Another approach is subsidized youth employment programs. These could include tax incentives for employers who hire teens or government-sponsored job training and apprenticeship programs. These programs not only offset the cost of higher wages but also help prepare teens for long-term employment.
Regional adjustments should also be considered. A $15 minimum wage may have very different effects in New York City versus a rural town in upstate New York. Allowing municipalities to tailor wage floors based on local economic conditions can improve policy precision.
Finally, policymakers should consider non-wage interventions to support teen employment. For example, encouraging flexible work schedules during school months, streamlining work permit processes for minors, and investing in transportation infrastructure can make it easier for teens to join the workforce.
Data transparency is another critical aspect. States should collect and publish more disaggregated employment data by age group, industry, and region to allow for more robust evaluations of policy impacts.
Overall, the evidence from this study suggests that blanket increases in minimum wage may have unintended consequences for youth employment, and that thoughtful, targeted strategies are needed to ensure inclusive economic growth.
Conclusion
Our analysis of California, Texas, and New York over the 2010–2020 period suggests a modest negative relationship between minimum wage increases and teenage employment. While causality cannot be definitively established in this study, the evidence points to an employment-reducing effect among teens as minimum wages rise. Further empirical work, particularly with richer datasets and more sophisticated econometric methods, is needed to fully understand this complex relationship.

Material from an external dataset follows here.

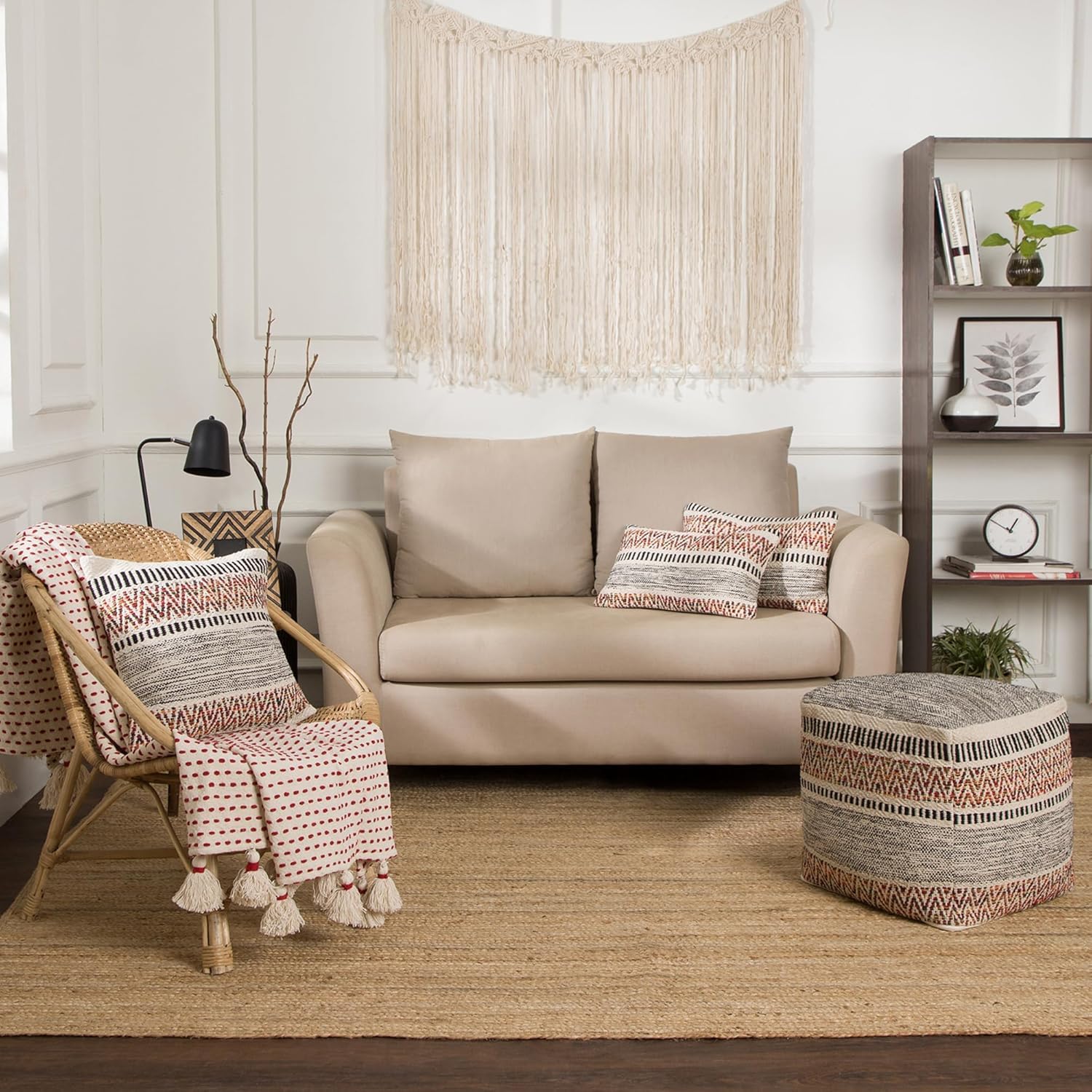 - BEAUTIFULLY DESIGNED AND HANDCRAFTED: The 100% cotton indoor patio Poof comes in a variety of textured patterns that is made on handlooms by skilled artisans offering an excellent choice for foot stool and a convenient way to add comfort and style to your space. Choose your indoor hassock from wide options available that are handcrafted by mix and match of weaves, tassels and prints. It compliments modern, contemporary, boho or farmhouse decor.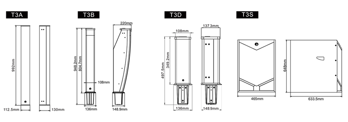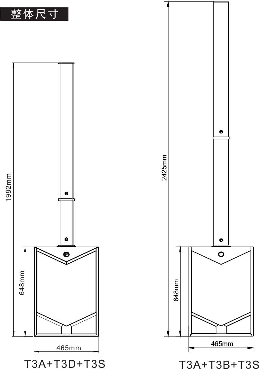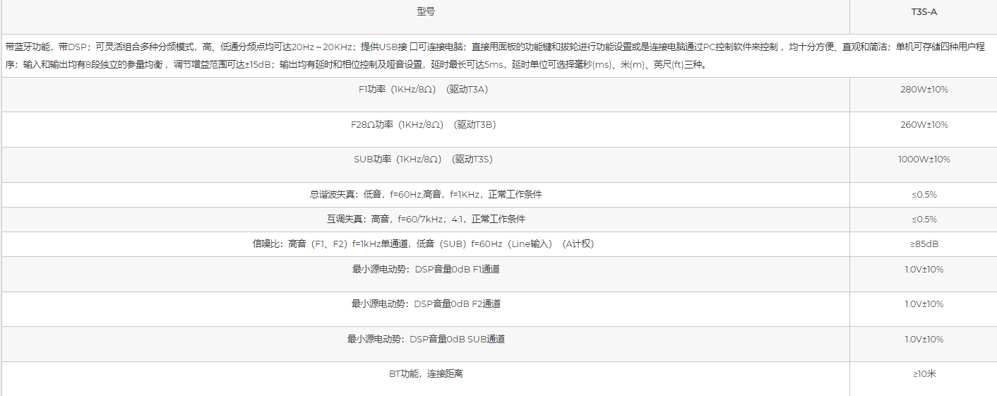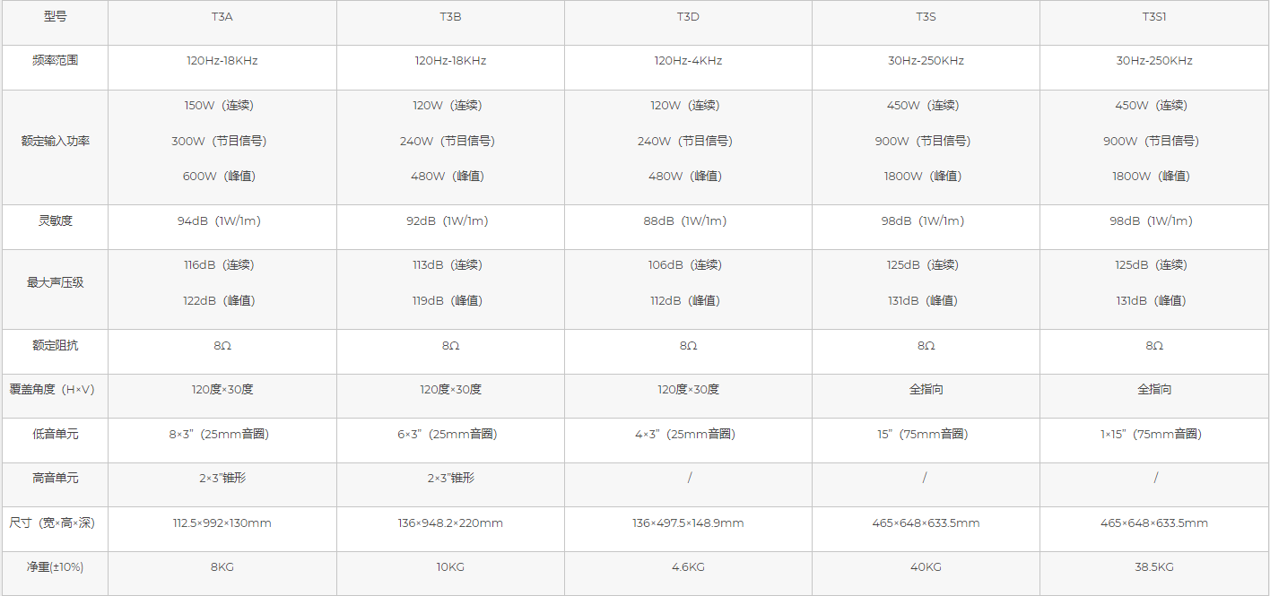 · 其中T3A、T3B、T3S可以方便的组合成T3无源音箱系统

This topic remains central to public policy debates, and understanding its nuances is vital for designing fair and effective labor regulations. A balanced approach that considers both income and employment effects is key to creating policies that benefit all workers, including the youngest and most vulnerable.
References
Neumark, D., & Wascher, W. (2007). Minimum Wages and Employment. Foundations and Trends in Microeconomics.
Card, D., & Krueger, A. B. (1994). Minimum Wages and Employment: A Case Study of the Fast-Food Industry in New Jersey and Pennsylvania. American Economic Review.
Cengiz, D., Dube, A., Lindner, A., & Zipperer, B. (2019). The Effect of Minimum Wages on Low-Wage Jobs. Quarterly Journal of Economics.
U.S. Department of Labor. (2020). Minimum Wage Laws in the States.
Bureau of Labor Statistics. (Various years). Current Population Survey (CPS).